Supplied material ->
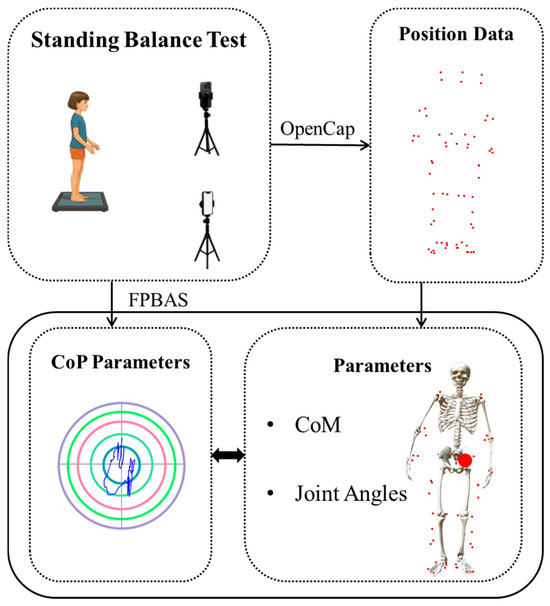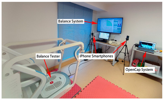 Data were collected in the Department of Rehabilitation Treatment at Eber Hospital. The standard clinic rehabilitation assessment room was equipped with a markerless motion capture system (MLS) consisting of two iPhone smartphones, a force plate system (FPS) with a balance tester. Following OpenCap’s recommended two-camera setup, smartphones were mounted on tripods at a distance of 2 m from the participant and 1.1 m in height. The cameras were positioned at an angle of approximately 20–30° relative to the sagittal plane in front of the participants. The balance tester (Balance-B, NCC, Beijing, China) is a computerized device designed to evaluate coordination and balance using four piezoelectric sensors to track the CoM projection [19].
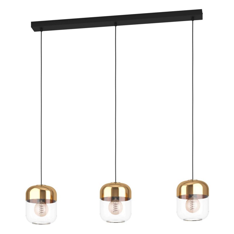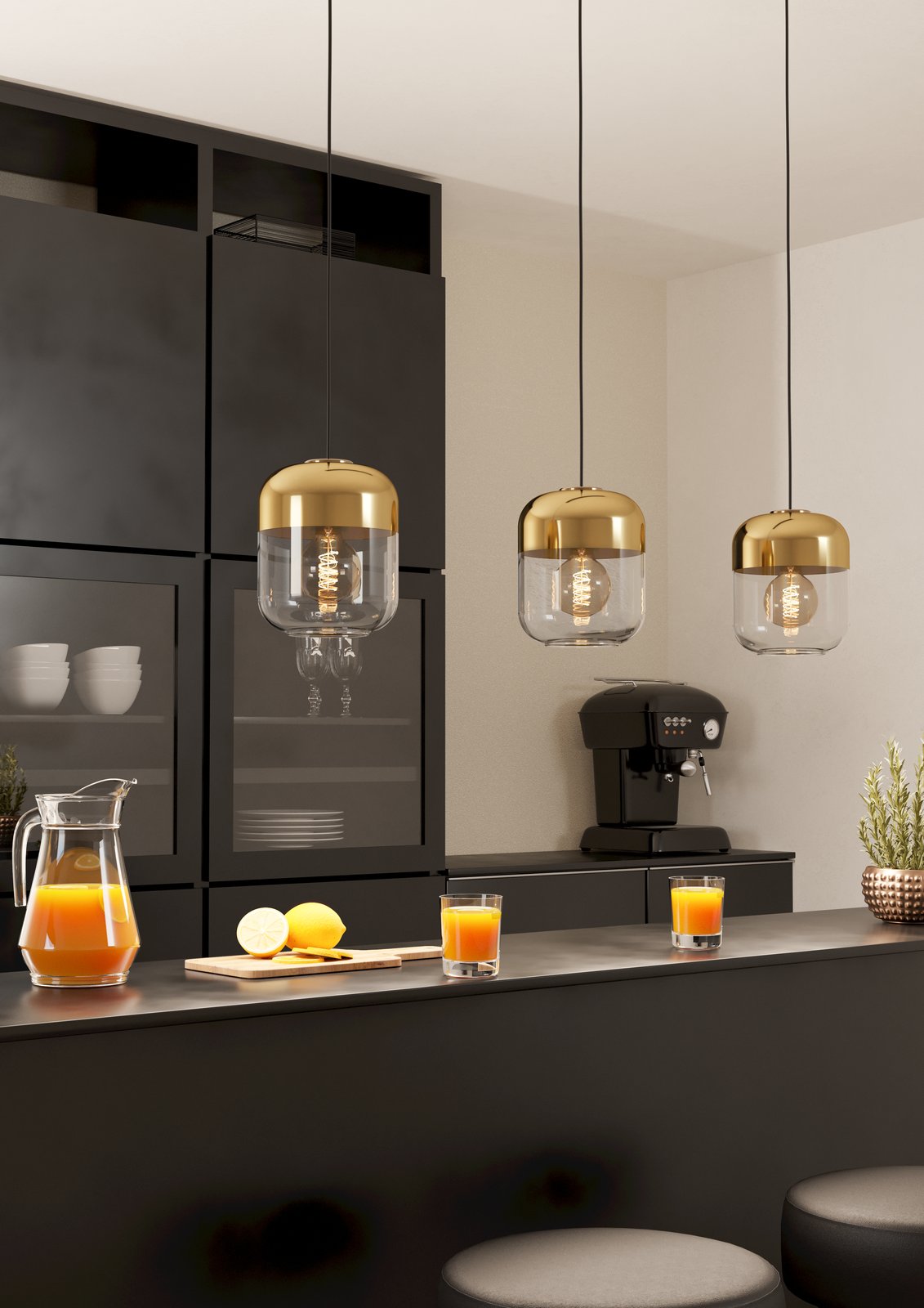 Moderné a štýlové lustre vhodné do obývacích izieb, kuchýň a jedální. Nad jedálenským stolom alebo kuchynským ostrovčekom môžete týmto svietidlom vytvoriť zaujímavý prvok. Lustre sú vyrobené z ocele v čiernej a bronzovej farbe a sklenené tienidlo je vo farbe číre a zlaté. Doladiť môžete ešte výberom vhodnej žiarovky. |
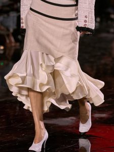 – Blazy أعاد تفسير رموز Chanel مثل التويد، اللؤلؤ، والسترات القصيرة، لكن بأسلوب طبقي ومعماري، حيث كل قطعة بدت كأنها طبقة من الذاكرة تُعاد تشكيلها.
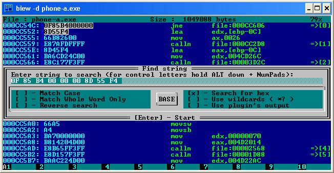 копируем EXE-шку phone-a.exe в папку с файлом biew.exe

Work instructions -> Please transcribe the lines from the one containing "Moderné a štýlové" to the last line of the listing, both included, exactly and with nothing added, leaving every picture out.

Result for this exercise ->
 Moderné a štýlové lustre vhodné do obývacích izieb, kuchýň a jedální. Nad jedálenským stolom alebo kuchynským ostrovčekom môžete týmto svietidlom vytvoriť zaujímavý prvok. Lustre sú vyrobené z ocele v čiernej a bronzovej farbe a sklenené tienidlo je vo farbe číre a zlaté. Doladiť môžete ešte výberom vhodnej žiarovky. |
 – Blazy أعاد تفسير رموز Chanel مثل التويد، اللؤلؤ، والسترات القصيرة، لكن بأسلوب طبقي ومعماري، حيث كل قطعة بدت كأنها طبقة من الذاكرة تُعاد تشكيلها.
 копируем EXE-шку phone-a.exe в папку с файлом biew.exe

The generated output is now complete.